Stanley Crouch photographed during The New School for Jazz and Con-temporary Music’s Beacon Awards Gala on Feb. 27, 2006 in New York. (Patrick McMullan/Patrick McMullan via Getty Image)

By Ethan Iverson, Source NPR

Stanley Crouch in his younger days.

Stanley Crouch, the lauded and fiery jazz critic, has died. According to an announcement by his wife, Gloria Nixon-Crouch, Stanley Crouch died at the Calvary Hospital in New York on Wednesday, following nearly a decade of serious health issues.

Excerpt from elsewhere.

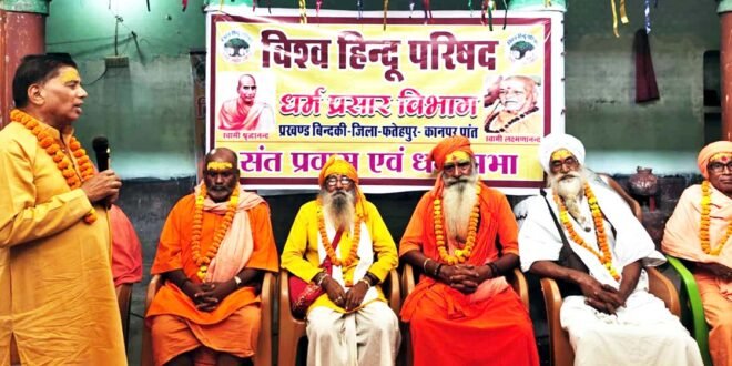 बिंदकी, फतेहपुर। विश्व हिंदू परिषद ने संत प्रवास एवं धर्म सभा का आयोजन किया। जहानाबाद क्षेत्र के विधायक राजेंद्र सिंह पटेल ने कहा कि धर्म गुरु हिंदुओं को जागृत व संगठित करने का काम करते हैं। धर्म गुरुओं का प्रयास सराहनीय रहता है। सभी को उनका सम्मान करना चाहिए।

Crouch was born in Los Angeles on Dec. 14, 1945. He read voraciously, watched the Watts riots up close, took up jazz drums, published Black Nationalist poetry, led guerilla-theater troupes and taught literature at Pomona College, all before moving to New York in 1975 and becoming a cultural critic at the Village Voice. His first collection, Notes of a Hanging Judge: Essays and Reviews, 1979-1989, is a classic of American letters, with disquisitions on diverse topics like Jesse Jackson, filmmaker Ousmane Sembene and painter Bob Thompson, before wrapping up with a panoramic diary of the Umbria Jazz Festival in Italy. The volume got wide play, was a finalist for the National Book Critics Circle Award for criticism, and established Crouch as a force to be reckoned with. Later books included a novel, Don’t the Moon Look Lonesome?, which received a close read from John Updike in the New Yorker, and a well-received biography, Kansas City Lightning: The Rise and Times of Charlie Parker. His many honors included a MacArthur Foundation “genius” grant and a NEA Jazz Masters Fellowship.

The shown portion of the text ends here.